Alibaba AI voice model outperforms western rivals

A new artificial intelligence voice model from Alibaba Group Holding has beaten Western rivals OpenAI and xAI on a major global benchmark, underscoring its technical edge in capturing complex Chinese dialects and accents. Fun-Realtime-TTS-Preview, developed by Alibaba’s Tongyi Lab, has secured the fifth spot on the Artificial Analysis Speech Arena leaderboard with a score of 1,190. It was the only Chinese-engineered voice system in the global top five. The Speech Arena benchmark is operated by Artificial Analysis, a San Francisco-based AI evaluation organization backed by investors including former GitHub Chief Executive Nat Friedman and Google Brain Founder Andrew Ng. The platform ranks models through blind user evaluations of generated speech clips using an Elo-based system. Speech Arena users test how well models can perform across three core capabilities – converting speech into text, enabling end-to-end voice understanding and conversational interaction, and transforming text into natural-sounding speech.

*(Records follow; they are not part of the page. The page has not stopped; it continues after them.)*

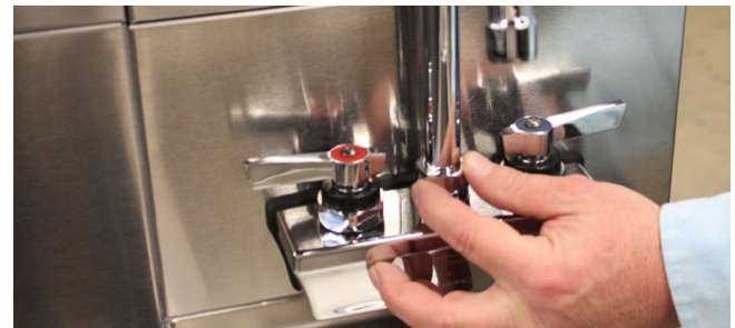
15. Secure the goose neck spout by turning the threaded retention collar clockwise until snug. Finish tightening with an adjustable wrench or channel locks. Do not overtighten.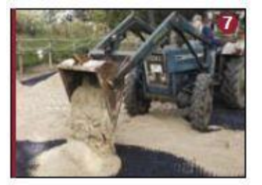
Fill in completely with pea gravel to ensure drainage in the stalls or use stone dust for turnouts.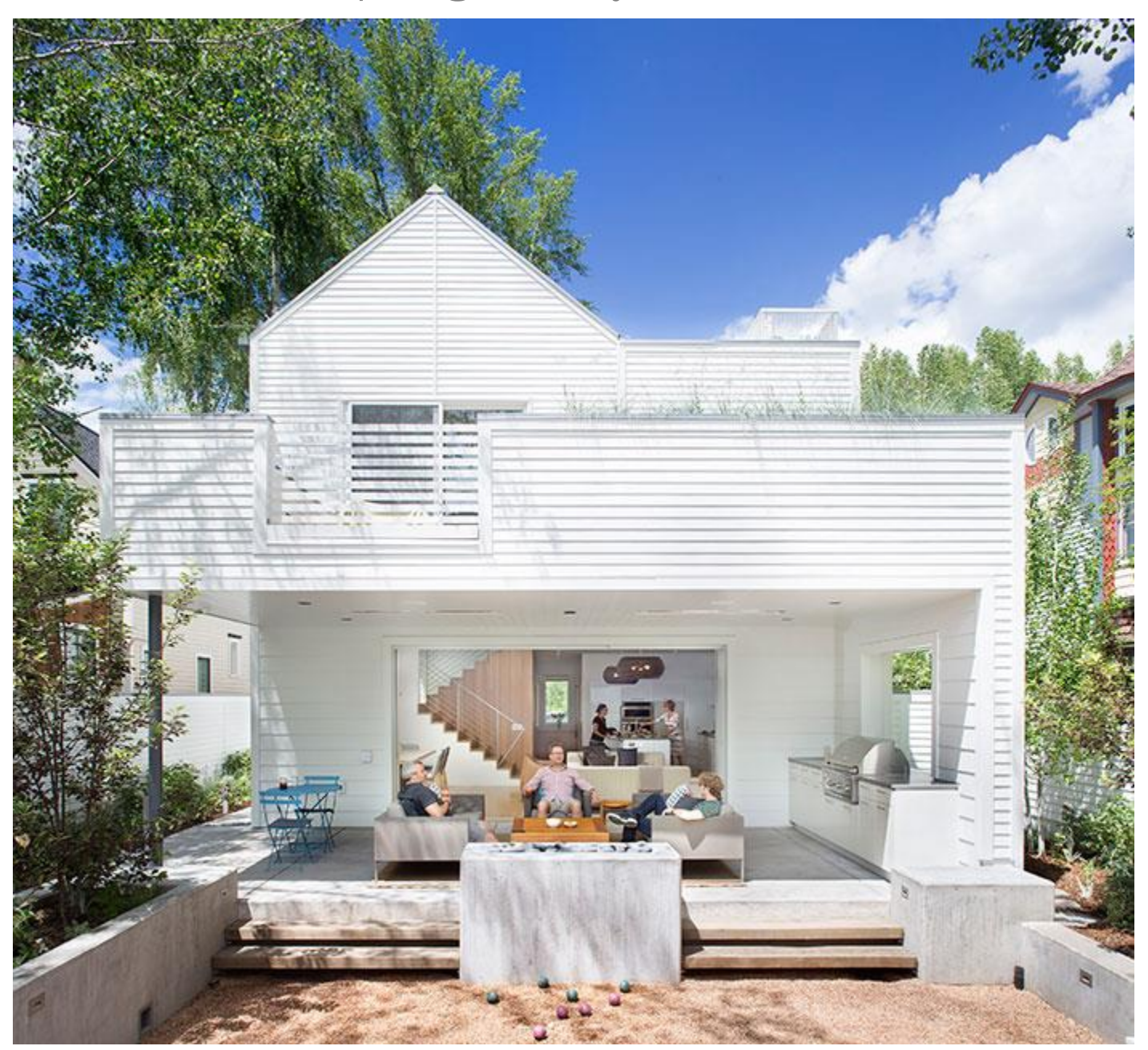
Design by Rowland+Broughton Architecture

Smaller and single-story homes have dipped slightly in popularity on the national scale, but when it comes to square footage in Colorado, there seems to be a stronger interest in quality over quantity.

In a separate Artificial-Analysis Word Error Rate index, Alibaba’s Fun-Realtime-ASR model ranked first with a word error rate of 1.8%, meaning fewer than two words out of every 100 were transcribed incorrectly. The breakthrough addresses a long-standing bottleneck for voice tech in Asia. According to a May report by the Baidu Developer Center, traditional speech systems trained on standard Mandarin see their accuracy fall below 60% for speakers with an accent, and drop to under 30% for regional Chinese dialects. Alibaba has been trying to bridge this gap. According to the firm’s cloud unit, the new model supports more than 30 languages, seven major Chinese dialects and over 20 regional accents.

Chinese AI developers are increasingly pivoting from general-purpose chatbots towards embedding voice AI assistants into daily applications. The growing industry focus on speech models reflects expectations that voice interfaces could become a key gateway for deploying AI across industries. As one of the most intuitive forms of human-computer interaction, voice requires little user training. Voice-based AI systems are generally seen as easier for mainstream users to adopt than text-based interfaces because they require less user training and can operate more naturally across devices such as smartphones, smart speakers and in-car assistants, the South China Morning Post reports.